Tower of Hanoi is a nice mathematical puzzle invented by Edouard Lucas in 1883. There are given three pegs (\(A,B\) and \(C\)) and a tower of \(n\) disks, initially stacked in decreasing size on peg \(A\text{.}\) The objective of the puzzle is to transfer the \(n\) disks to peg \(C\text{.}\) There are only a few rules
one can only move one disk per move,
one can only move the top disk of a stack,
one can not move a larger disk on top of a smaller disk.

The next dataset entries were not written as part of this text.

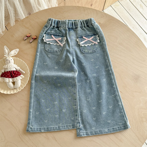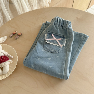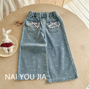 奶油喇叭裤子春秋季2025新款洋气宝宝长裤小童秋款儿童秋装牛仔裤
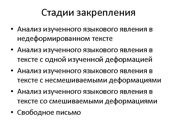 Стадии закрепления • Анализ изученного языкового явления в недеформированном тексте • Анализ изученного языкового явления в тексте с одной изученной деформацией • Анализ изученного языкового явления в тексте с несмешиваемыми деформациями • Анализ изученного языкового явления в тексте со смешиваемыми деформациями • Свободное письмо
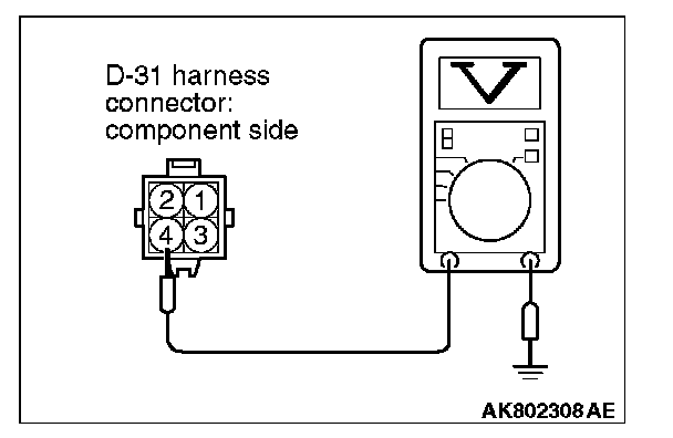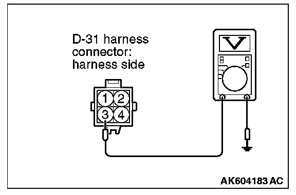STEP 2. Measure the sensor output voltage at heated oxygen sensor (3rd) connector D-31 by backprobing.
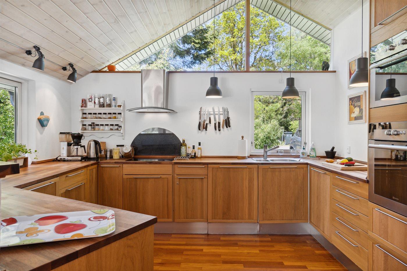 Køkkenet er udstyret med 1 køleskab. Der er 4 keramiske kogeplader, varmluftovn, mikrobølgeovn samt opvaskemaskine.
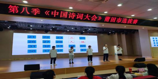我校学子八年(1)班陈凌云勇夺第八季《中国诗词大会》莆田市选拔赛中学组冠军、八年(3)班茅溢智荣获莆田市诗词比赛二等奖,两位选手双双入选莆田市诗词集训决赛。
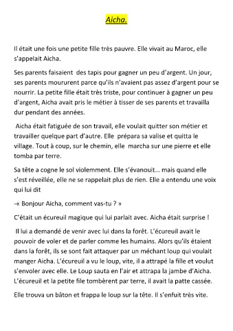 C’était un écureuil magique qui lui parlait avec. Aicha était surprise !
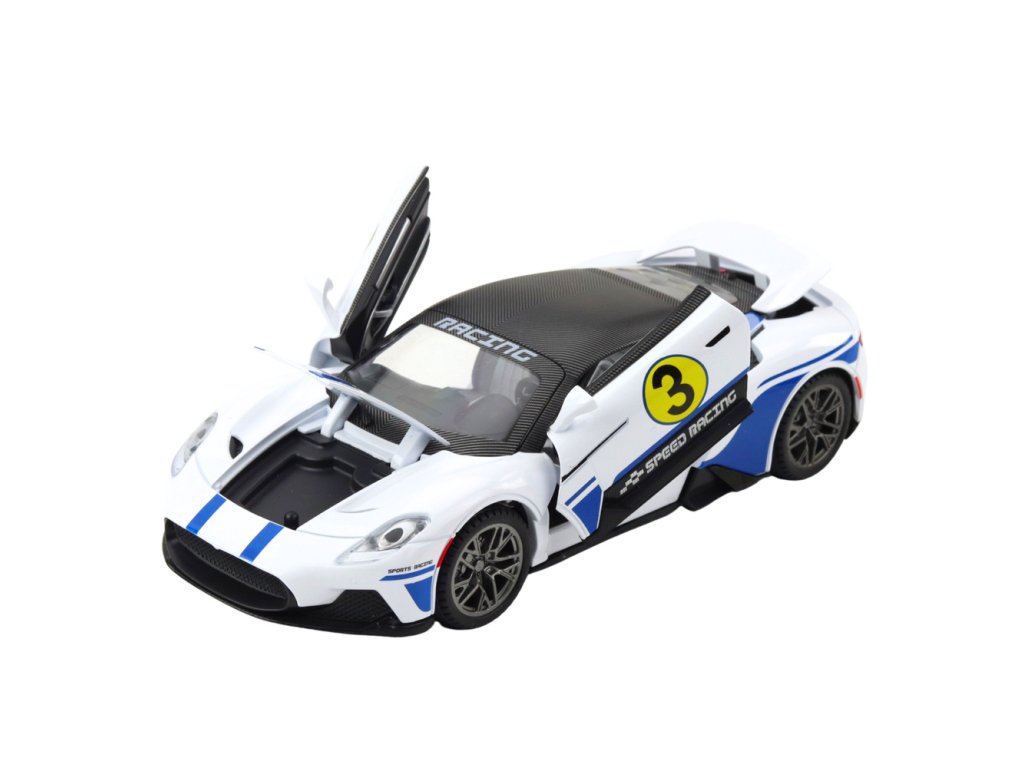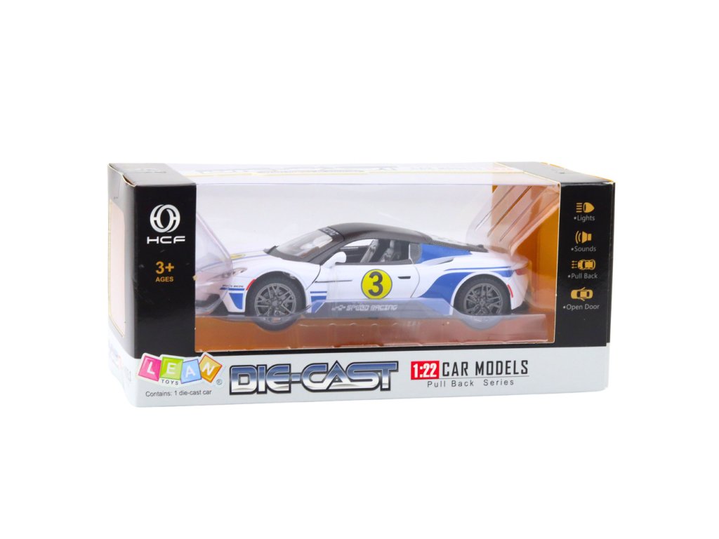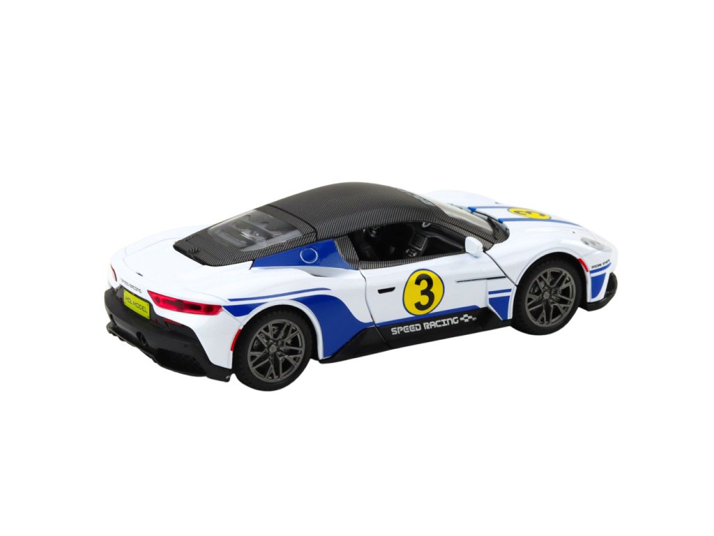 Kovové sportovní auto 1:22 světla zvuky pohon bílý Sportovní auto v měřítku 1:22 je ideální volbou pro děti i sběratele, kteří si cení realistického provedení, dynamického vzhledu a efektní zábavy Karoserie modelu je vyrobena z kovu, což zaručuje jeho odolnost, ochranu před poškozením a estetický, solidní vzhled připomínající skutečná závodní auta
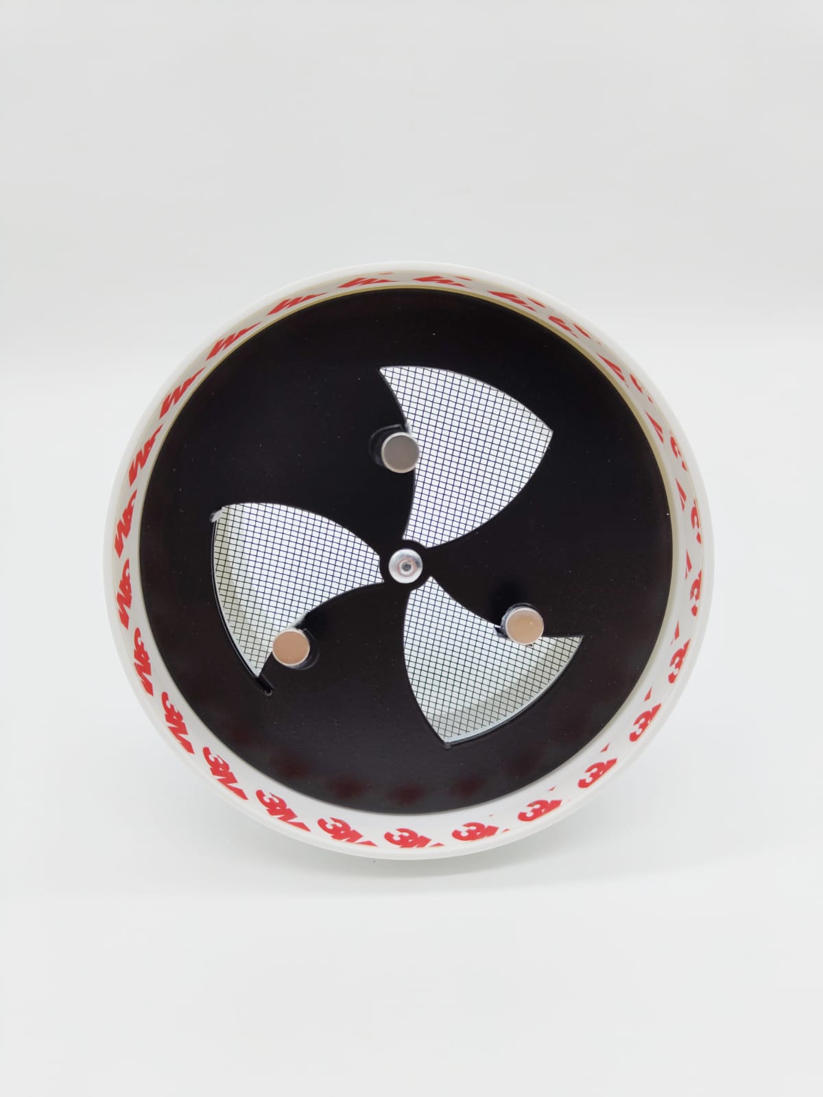 Диффузор состоит из пластикового перехода, металлической заслонкой, которой можно регулировать поток воздуха, либо полностью перекрыть его. К заслонке с помощью магнитов крепится декоративная круглая панелька, которую можно покрасить в цвет потолка. Так же по ободку диффузора имеется надёжный двухсторонний скот марки 3М, к которому крепится полотно натяжного потолка. Наши диффузоры оснащены москитной сеточкой, которая препятствует попаданию насекомых в помещение.
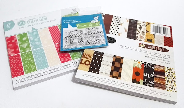 Estos dos staks de papeles, uno de navidad , ideal para hacer tarjetas de la colección Lets bokeh in the snow de Lawn Fanw, otro stack de otoño de la colección Warm & Cozy de Jen Hadfield y un sellito monisimo de Lawn Fanw.
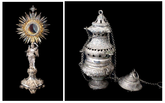 Si svolegerà domani, a Contursi Terme (SA), presso la Chiesa “Santa Maria degli Angeli”, alla presenza dell’Assessore ai Beni Culturali del Comune di Contursi Terme Gerarda Forlenza, del Parroco Salvatore Spingi e del Comandante del Nucleo Carabinieri Tutela Patrimonio Culturale (TPC) di Napoli, Capitano Giampaolo Brasili, la cerimonia di riconsegna di un ostensorio del XIX secolo, sottratto il 20 gennaio 2016 da quel luogo di culto e di un turibolo in argento, asportato il 7 maggio 1997 dalla chiesa “San Nicola di Bari” di Ceraso (SA).

If \(n=1\text{,}\) then there is only one disk on peg \(A\) and moving it to peg \(C\) solves the problem. Let us deal with the case of 2 disks. First we move the smallest disk from peg \(A\) to peg \(B\text{.}\)
Now we move the disk from peg \(A\) to peg \(C\text{.}\)
Finally, we move the disk from peg \(B\) to peg \(C\text{.}\)
Let us denote by \(T_n\) the minimum number of moves that will transfer \(n\) disks from peg \(A\) to peg \(C\text{.}\) Since no moves are needed to transfer \(n=0\) disks, we have that \(T_0=0\text{,}\) and the previous two examples show that \(T_1=1\) and \(T_2=3\text{.}\) Let us prove that \(T_n\leq 2T_{n-1}+1\text{,}\) that is, there is a solution with \(2T_{n-1}+1\) moves. In \(T_{n-1}\) moves we can transfer the \(n-1\) smaller disks from peg \(A\) to peg \(B\text{.}\) We move the largest one from peg \(A\) to peg \(C\) and it remains to move the \(n-1\) smallest disks from peg \(B\) to peg \(C\) and it can be done in \(T_{n-1}\) moves. In total this strategy requires \(2T_{n-1}+1\) moves. We only have to show that \(2T_{n-1}+1\) moves are necessary. If we follow another strategy, then we must move the largest disk at some point and the \(n-1\) smallest disks must be on a single peg (requiring \(T_{n-1}\) moves). After moving the largest disk we must transfer the \(n-1\) smallest disks to peg \(C\) (requiring another \(T_{n-1}\) moves). It means that \(T_n\geq 2T_{n-1}+1\text{,}\) therefore
\begin{equation*} T_n=2T_{n-1}+1\text{.} \end{equation*}We apply the above strategy to present a minimal solution in case of 3 disks. First we move the 2 smallest disks from peg \(A\) to peg \(B\text{.}\) It can be done in \(T_2=3\) steps.
STEP 1:
STEP 2:
STEP 3:
Now we can transfer the largest disk to peg \(C\text{.}\)
STEP 4:
It remainst to transfer the 2 smallest disks from peg \(B\) to peg \(C\text{,}\) it requires again \(T_2=3\) moves.
STEP 5:
STEP 6:
STEP 7:
Since \(T_3=7\) we have found a solution with minimal number of moves. Having a recurrence relation for the minimal number of moves may help to find a nice formula for \(T_n\text{.}\) The following table contains the first few values of \(T_n\text{.}\)
\(n\) | \(T_n\) | \(n\) | \(T_n\) | \(n\) | \(T_n\) |
0 | 0 | 4 | 15 | 8 | 255 |
1 | 1 | 5 | 31 | 9 | 511 |
2 | 3 | 6 | 63 | 10 | 1023 |
3 | 7 | 7 | 127 | 11 | 2047 |
One can easily observe that these values are 1 less than a power of 2, that is, we expect that \(T_n=2^n-1\text{.}\) It can be proved by induction.